The interior was worse than could be imagined. All was in tones of grey. The frosted windows were clouded with cobwebs. Mould and dust covered everything. The atmosphere was dense and fusty, while the floor appeared to be paved with decaying cheese. Billing found he could scarcely walk.
The personage (now very faint) said, ‘It will not be too bad.’ It then faded away and Billing was alone, shut in.
His feeling was one of intense grief. He wandered about without any fixed intention or plan of escape. Worse was to come. He found himself in an interior room, more distressing than the others, more suffocating.
The room was ill-lit. Amid dark shadows, propped in one corner, sat Gladys Lee. She was shrouded in dust sheets and sunk in her final demented stage, her eyes red-rimmed. She beckoned Billing forward. Her mouth fell open with a terrible crack, revealing broken sticks of teeth.
Billing woke feeling sick and sat up in bed. The crack still rang in his head. He was convinced it was real.
Leaving Rose to sleep, he made his way barefoot downstairs. The staircase was presently uncarpeted. By the light from a streetlamp he saw that the glass in the front door had been shattered. Retreating, he went back to the top of the stairs and switched on the hall light.

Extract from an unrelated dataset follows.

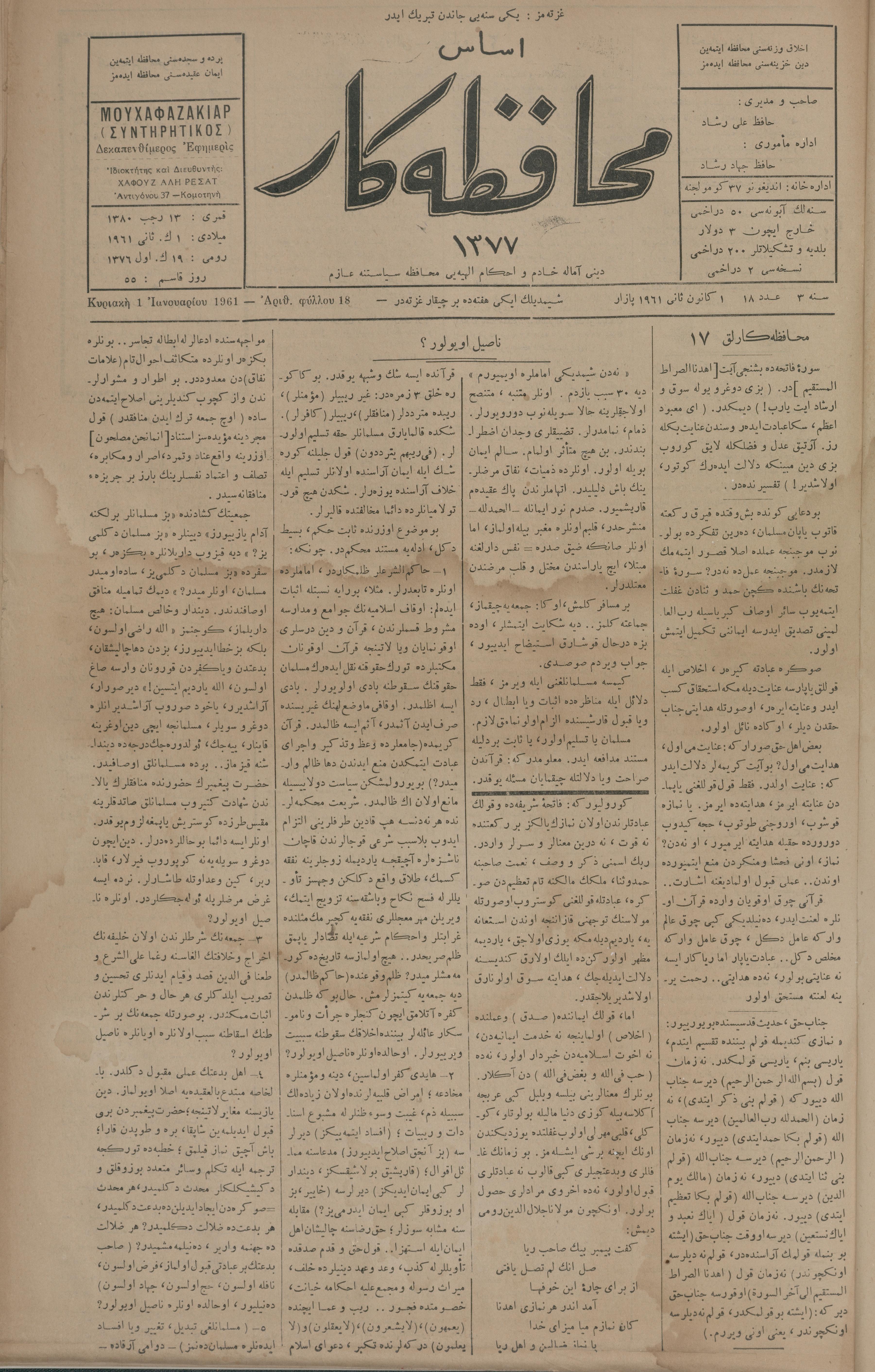 Esas muhafazakâr 1377, 1 Ocak 1961 Sene 3 Aded 18

A half-brick lay on the mat inside the door, with fragments of glass all round.
He went and woke Rose. ‘What time is it?’
‘It’s only half-past twelve. Who’d do such a thing, do you think?’
She pulled a face. ‘Bloody Dwyer, who else? My husband – George Dwyer, the drunken cretin. Him and that bird of his from the next street. He must have seen us coming and going round here. I wouldn’t put anything past him.’
They went down and stared at the damage. Hugh found a piece of cardboard with which to block up the hole, while Rose swept up the fragments of glass and had another swear.
‘It wouldn’t have been your George,’ he said, squatting down beside her. ‘No man would do a thing like that deliberately. It must have been a passing yob, hitting our door by accident.’
‘You don’t know George. Friday and Saturday nights especially, when he’s had a few.’
‘But how would he know where you were?’
‘Oh, he’d find out. Don’t forget he’s a taxi driver. He’s got friends crawling all round town, he has. One of them must have seen us in the street, unloading the car or sommink.’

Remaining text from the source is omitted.